A report from Inside Higher Ed points out that, “The pool of US international applicants has changed significantly since the pandemic. The volume of students from China has decreased while enrolment from countries like Bangladesh, Ghana, and especially India — which rose by 23% last fall — has surged. International enrolment has also shifted from undergraduates to graduate students pursuing not just degrees but long-term research, work and life in the US…[Therefore], recent shifts in international applicant profiles could exacerbate the political blowback on enrolment. The Trump administration froze or eliminated hundreds of millions of dollars in federal research grants for universities this month…For today’s new international students, research and programme funding is ‘the major draw,’ and the grant cuts have left international graduate students wondering if they’ll be able to afford their degrees after all.”
What does this all mean?
Clearly, the funding for some students has already been affected and some students at least will feel less comfortable to travel to and from the United States. Depending on the scale of restrictions under the anticipated travel ban, many more students or prospective students could soon be impacted as well.

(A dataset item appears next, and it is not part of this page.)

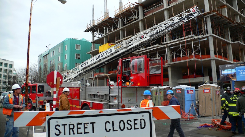 On Monday morning, I was on my way to work, I was confronted with the normal things. A view of the Space Needle and other sights on would associate with the Belltown area of Seattle. But, there was more. The building across the street from my workplace had been under construction for some time. Sadly, one of the construction workers suffered an on-the-job accident that require a rather dramatic rescue operation. I only had my "briefcase" camera, so the photos were not up to normal standards. The photos below are what I saw.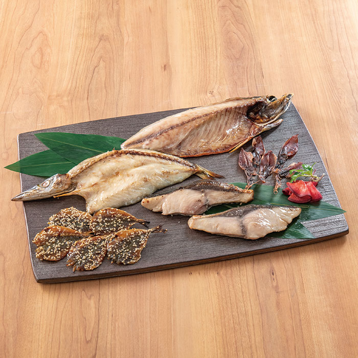 「きときと」とは、富山の方言で“新鮮な”という意味。“天然のいけす”ともいわれる富山湾には、立山連峰からの雪解け水や雨水が流れ込むため、餌となるプランクトンが多く繁殖します。なかでも氷見はその海底の地形から絶好の漁場といわれています。ここで獲れた魚介を沖合の船上で即時に氷水で締め鮮度をキープ。きときとな干物のセットをお楽しみください。

But if we have learned anything from the recent introduction of new policy settings in Australia, Canada, or the United Kingdom, it is that while the actual rule changes have an effect on student movement they often also create a high degree of confusion or uncertainty. And that tends to have an even wider impact on student decision making and planning for study abroad. While most students will already be well advanced in their plans for 2025, we might expect a greater impact from all this in 2026 and after.